Até o final de 2001, o BNDES apoiou 31 instituições,
com investimentos de R$ 55,8 milhões.
"O
papel do Conselho da Comunidade Solidária foi despertar esta
questão, discutir com o governo e a sociedade e passar a
idéia para frente", diz Valéria Rezende, assessora
de interlocução política do conselho. Segundo
Rezende, o calote é baixo entre os beneficiados, com cerca
de 3% a 5% de inadimplência após 30 dias, porque a
metodologia usada é baseada em um capital social. "Um
credor avalisa o outro, se um fura, o outro paga. O grupo acaba
fazendo a exclusão dos não pagadores, ou então
ele muda de conduta", afirma. Ela explica que a política
pública do microcrédito é uma forma alternativa
de renda para manter as famílias, na maior parte direcionada
às mulheres pela forte ligação familiar e a
garantia do investimento nos filhos e na casa.
De
acordo com a legislação, a estrutura do setor de microfinanças
é formada por instituições chamadas de "primeira
linha" (da sociedade civil, do setor público e da iniciativa
privada) e de "segunda linha" (BNDES, através do
Programa de Crédito Produtivo Popular - PCPP e do Sebrae
com o Programa de Microcrédito). As instituições
de "segunda linha" oferecem capacitação,
apoio técnico e recursos financeiros para as instituições
de "primeira linha", que atuam diretamente com o cliente.
Em
agosto de 2001 entrou em vigor a Medida Provisória 2.172-32/01
para legalizar as transações de microcréditos
com as Organizações da Sociedade Civil de Interesse
Público (OSCIPs). Antes disso, todas as iniciativas da sociedade
civil, por não serem entidades financeiras e não estarem
vinculados ao Banco Central, estavam sujeitas à Lei da Usura,
que limita a cobrança de taxas de juros em até 12%
ao ano. Em 2001, também foi publicada a Lei 10.194, tornando
possível a criação de Sociedades de Crédito
ao Microempreendedor (SCM), liberando juridicamente a iniciativa
privada para atuar como uma instituição de "primeira
linha" em organizações de microcrédito.
Hoje, no Brasil, existem 67 OSCIPs de microcrédito e 24 SCMs.
Estados
e municípios
As políticas de microcréditos aos trabalhadores de
baixa renda estão presentes na maioria dos estados e em muitas
prefeituras no Brasil, com poucas diferenças entre elas.

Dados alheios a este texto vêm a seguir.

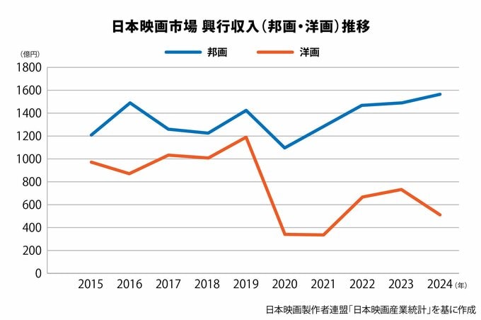 日本の映画興行市場での邦画と洋画それぞれの興収をグラフにしてみた。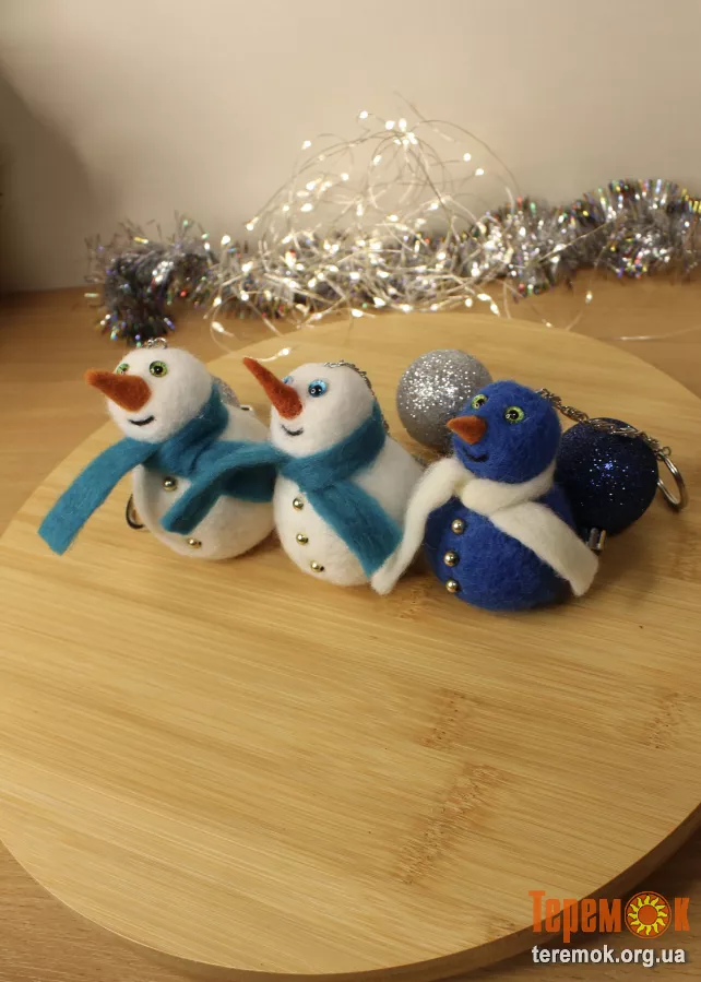 Іграшки для ялинки снеговик валяний іграшка брелок з шерсті інтерєрна прикраса брелока подарунок сувенір

Em 1995, o surgimento da Portosol, uma parceria entre a Prefeitura
de Porto Alegre e a sociedade civil, se transformou em referência
para a criação de ONGs direcionadas ao microcrédito.
Até o final de 2001, a Portosol realizou cerca de 28,5 mil
operações de crédito no valor de R$ 38,7 milhões.
O Banco
do Povo de Goiás funciona através de um convênio
entre o governo do estado, as prefeituras e ONGs. O governo estadual
através da Secretaria do Planejamento e Desenvolvimento criou
o Fundo Especial de Geração de Emprego e Renda (Funger)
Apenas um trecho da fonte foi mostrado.